:: DATA TO PROCESS

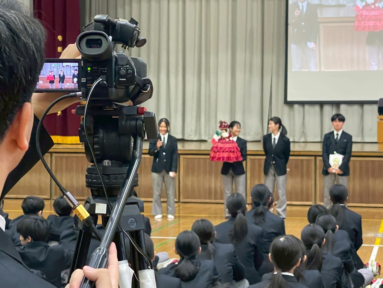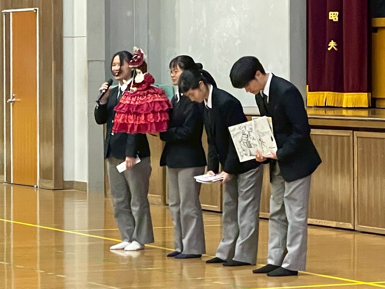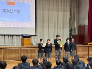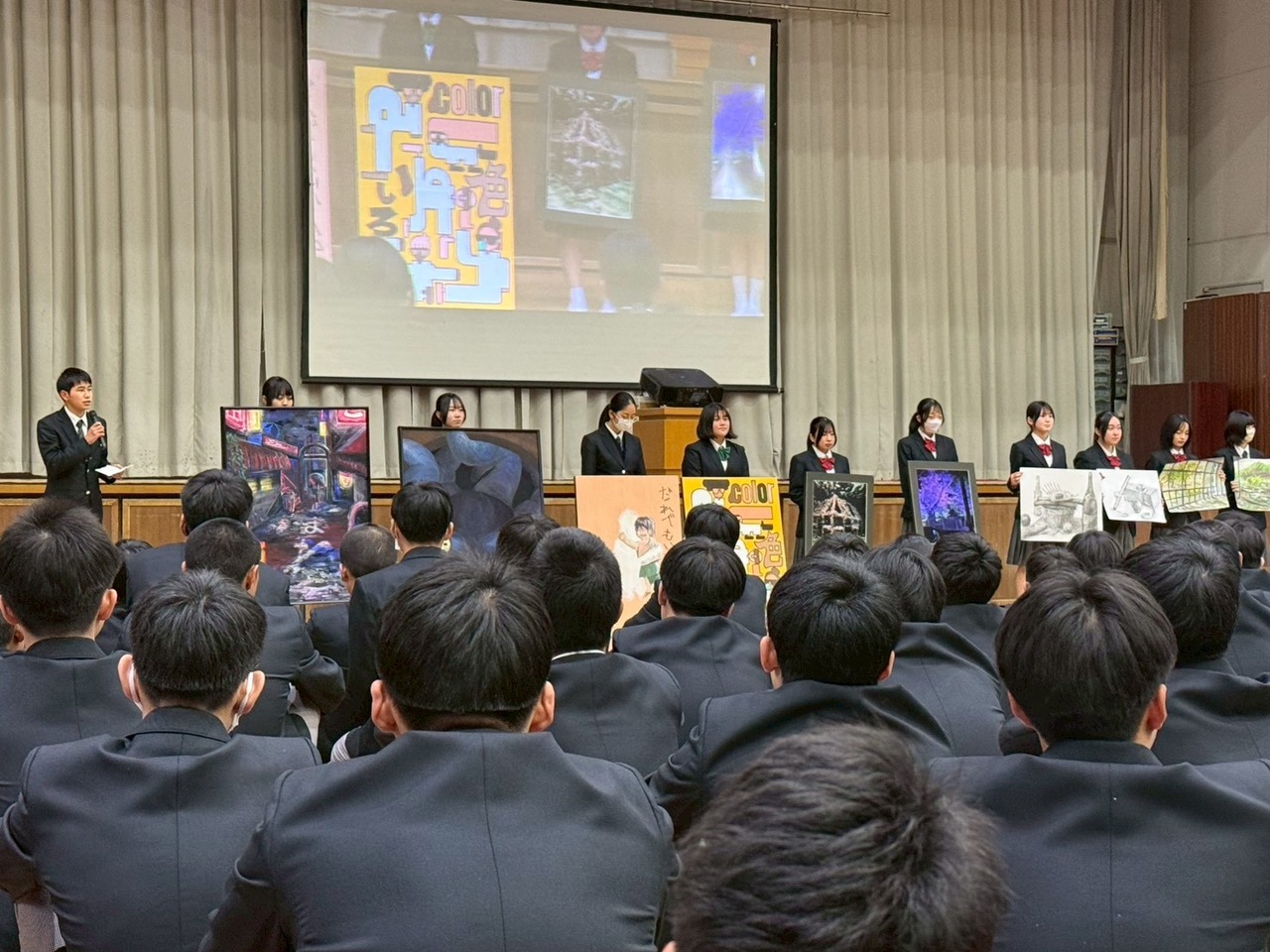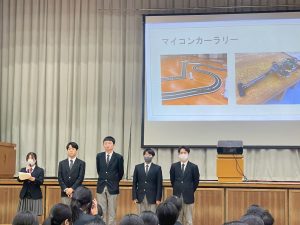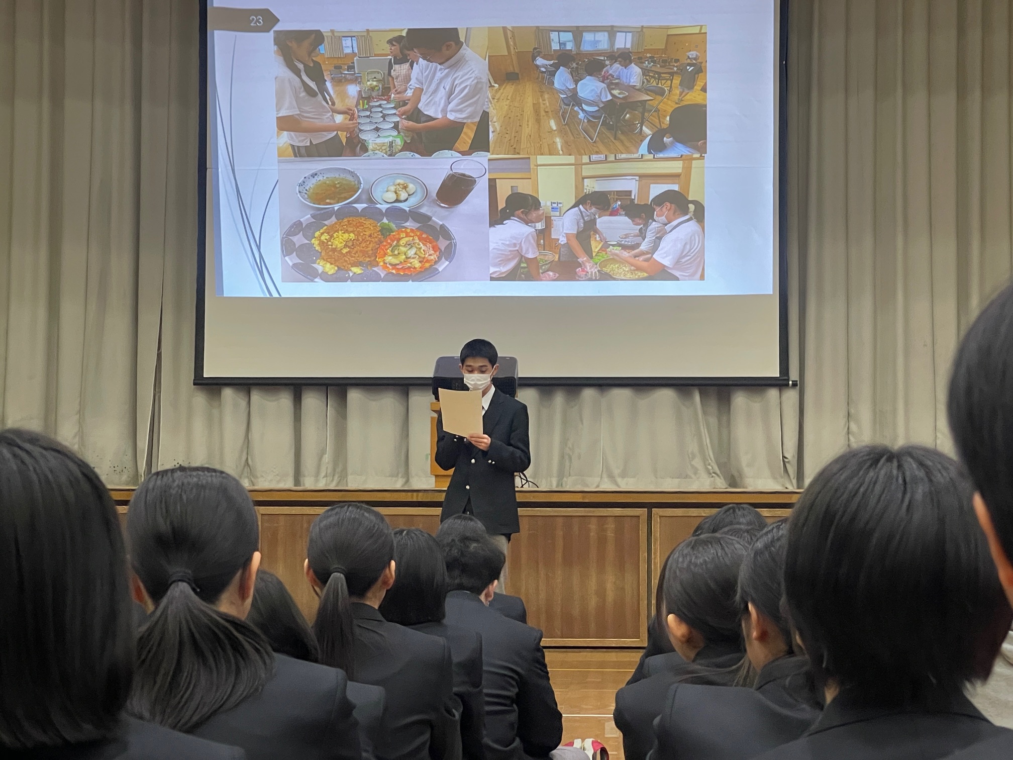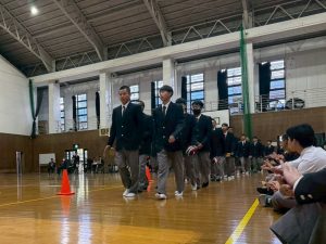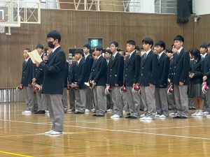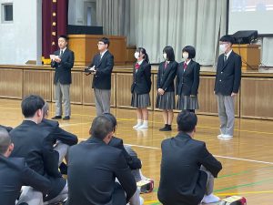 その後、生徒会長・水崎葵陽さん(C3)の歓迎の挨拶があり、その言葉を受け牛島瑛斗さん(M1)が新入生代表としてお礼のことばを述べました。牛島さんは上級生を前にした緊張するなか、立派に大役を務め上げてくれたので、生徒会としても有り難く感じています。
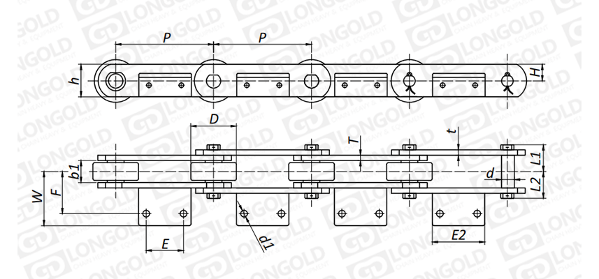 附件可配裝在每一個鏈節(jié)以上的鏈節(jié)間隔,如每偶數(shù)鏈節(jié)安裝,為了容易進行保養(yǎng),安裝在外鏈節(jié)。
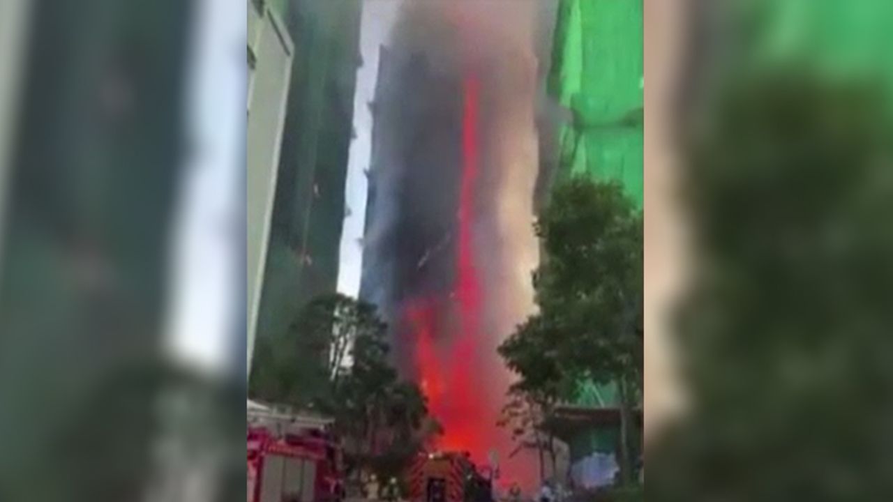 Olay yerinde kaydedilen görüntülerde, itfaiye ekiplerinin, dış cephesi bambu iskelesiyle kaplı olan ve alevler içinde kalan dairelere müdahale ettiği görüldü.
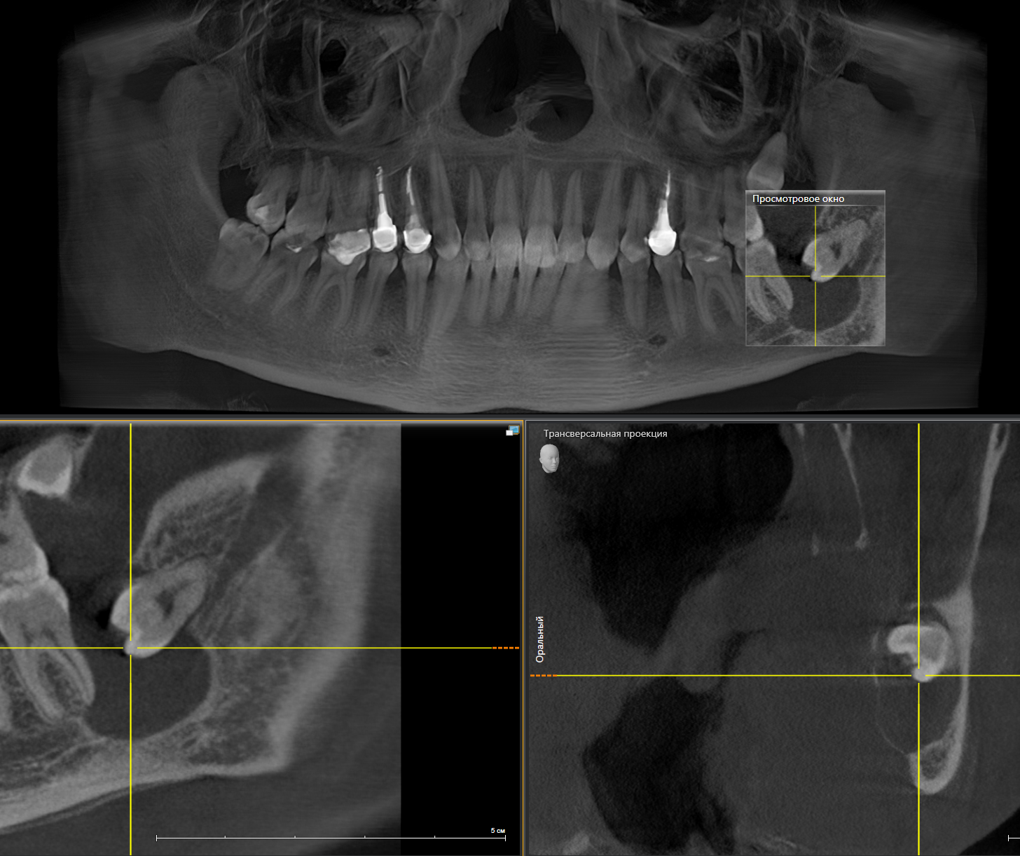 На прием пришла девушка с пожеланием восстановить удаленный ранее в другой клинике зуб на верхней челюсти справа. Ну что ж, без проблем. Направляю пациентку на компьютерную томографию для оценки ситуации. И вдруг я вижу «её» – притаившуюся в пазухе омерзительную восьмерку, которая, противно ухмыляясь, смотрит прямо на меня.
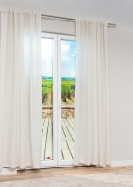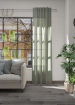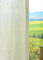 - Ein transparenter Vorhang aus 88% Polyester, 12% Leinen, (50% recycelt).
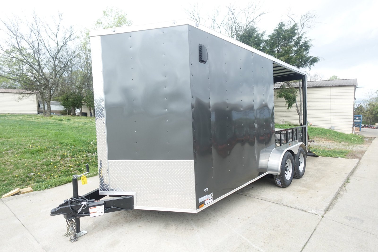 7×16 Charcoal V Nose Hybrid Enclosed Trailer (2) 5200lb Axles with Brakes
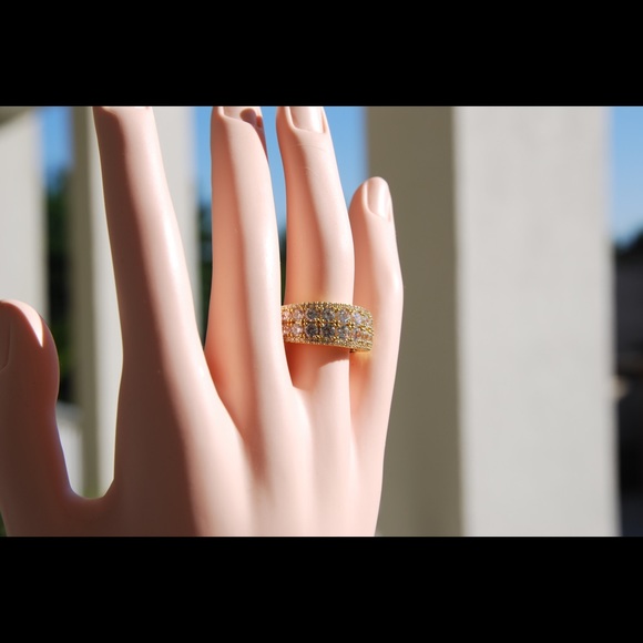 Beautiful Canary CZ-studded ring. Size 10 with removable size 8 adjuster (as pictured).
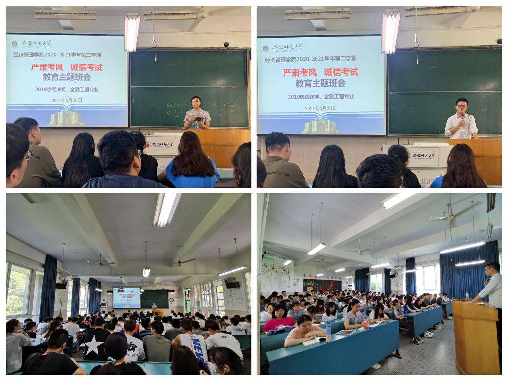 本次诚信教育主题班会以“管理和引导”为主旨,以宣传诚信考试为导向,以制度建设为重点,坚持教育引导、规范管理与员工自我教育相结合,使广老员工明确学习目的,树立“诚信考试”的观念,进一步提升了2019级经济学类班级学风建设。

::::

## [TRY IT]
Each entry above is to be given again exactly, and any image in it is to be dropped.

## [SOLUTION FOR THIS EXERCISE]
 その後、生徒会長・水崎葵陽さん(C3)の歓迎の挨拶があり、その言葉を受け牛島瑛斗さん(M1)が新入生代表としてお礼のことばを述べました。牛島さんは上級生を前にした緊張するなか、立派に大役を務め上げてくれたので、生徒会としても有り難く感じています。
 附件可配裝在每一個鏈節(jié)以上的鏈節(jié)間隔,如每偶數(shù)鏈節(jié)安裝,為了容易進行保養(yǎng),安裝在外鏈節(jié)。
 Olay yerinde kaydedilen görüntülerde, itfaiye ekiplerinin, dış cephesi bambu iskelesiyle kaplı olan ve alevler içinde kalan dairelere müdahale ettiği görüldü.
 На прием пришла девушка с пожеланием восстановить удаленный ранее в другой клинике зуб на верхней челюсти справа. Ну что ж, без проблем. Направляю пациентку на компьютерную томографию для оценки ситуации. И вдруг я вижу «её» – притаившуюся в пазухе омерзительную восьмерку, которая, противно ухмыляясь, смотрит прямо на меня.
 - Ein transparenter Vorhang aus 88% Polyester, 12% Leinen, (50% recycelt).
 7×16 Charcoal V Nose Hybrid Enclosed Trailer (2) 5200lb Axles with Brakes
 Beautiful Canary CZ-studded ring. Size 10 with removable size 8 adjuster (as pictured).
 本次诚信教育主题班会以“管理和引导”为主旨,以宣传诚信考试为导向,以制度建设为重点,坚持教育引导、规范管理与员工自我教育相结合,使广老员工明确学习目的,树立“诚信考试”的观念,进一步提升了2019级经济学类班级学风建设。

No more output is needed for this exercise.